◆ What this task involves: Please print the entries below exactly, from the line with "This is THE" through the line with "4月24日(金)の昼の時間に", including both of those lines and leaving out all others.

Exercise material: Begin

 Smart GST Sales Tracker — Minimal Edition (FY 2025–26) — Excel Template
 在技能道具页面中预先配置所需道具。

Exercise material: End
Exercise material: Begin

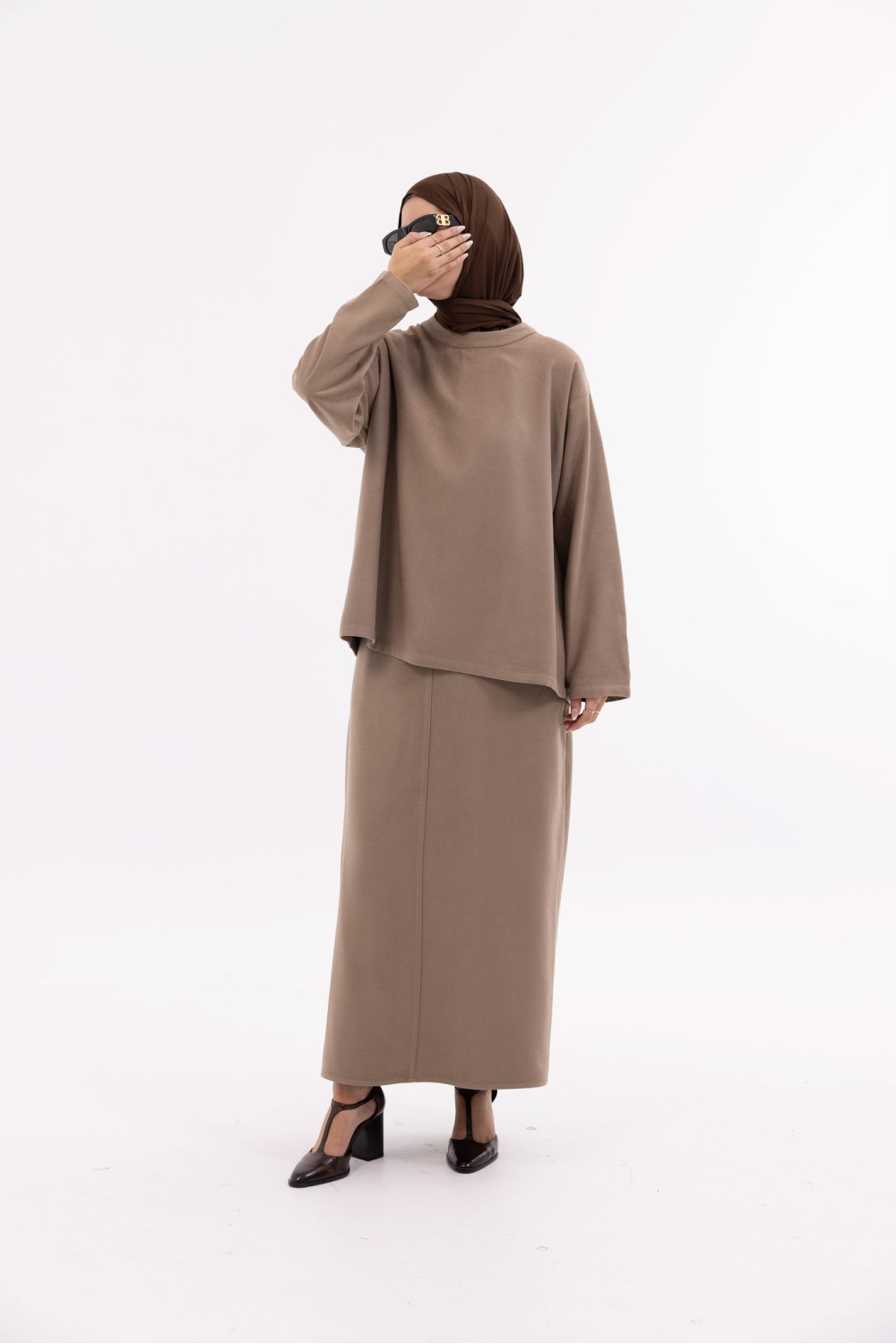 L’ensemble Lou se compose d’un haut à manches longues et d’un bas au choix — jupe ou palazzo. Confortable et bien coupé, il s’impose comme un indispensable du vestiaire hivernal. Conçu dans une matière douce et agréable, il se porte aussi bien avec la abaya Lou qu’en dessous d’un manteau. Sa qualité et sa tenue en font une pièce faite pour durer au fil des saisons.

Exercise material: End
Exercise material: Begin

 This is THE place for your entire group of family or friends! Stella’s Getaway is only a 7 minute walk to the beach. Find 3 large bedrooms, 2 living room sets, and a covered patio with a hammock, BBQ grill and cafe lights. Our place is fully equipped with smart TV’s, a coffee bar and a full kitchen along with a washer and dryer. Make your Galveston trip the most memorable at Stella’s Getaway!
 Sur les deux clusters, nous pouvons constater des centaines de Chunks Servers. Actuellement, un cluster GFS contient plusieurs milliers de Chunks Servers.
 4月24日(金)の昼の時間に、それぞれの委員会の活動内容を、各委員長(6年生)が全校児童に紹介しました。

Exercise material: End

◆ Worked solution:
 This is THE place for your entire group of family or friends! Stella’s Getaway is only a 7 minute walk to the beach. Find 3 large bedrooms, 2 living room sets, and a covered patio with a hammock, BBQ grill and cafe lights. Our place is fully equipped with smart TV’s, a coffee bar and a full kitchen along with a washer and dryer. Make your Galveston trip the most memorable at Stella’s Getaway!
 Sur les deux clusters, nous pouvons constater des centaines de Chunks Servers. Actuellement, un cluster GFS contient plusieurs milliers de Chunks Servers.
 4月24日(金)の昼の時間に、それぞれの委員会の活動内容を、各委員長(6年生)が全校児童に紹介しました。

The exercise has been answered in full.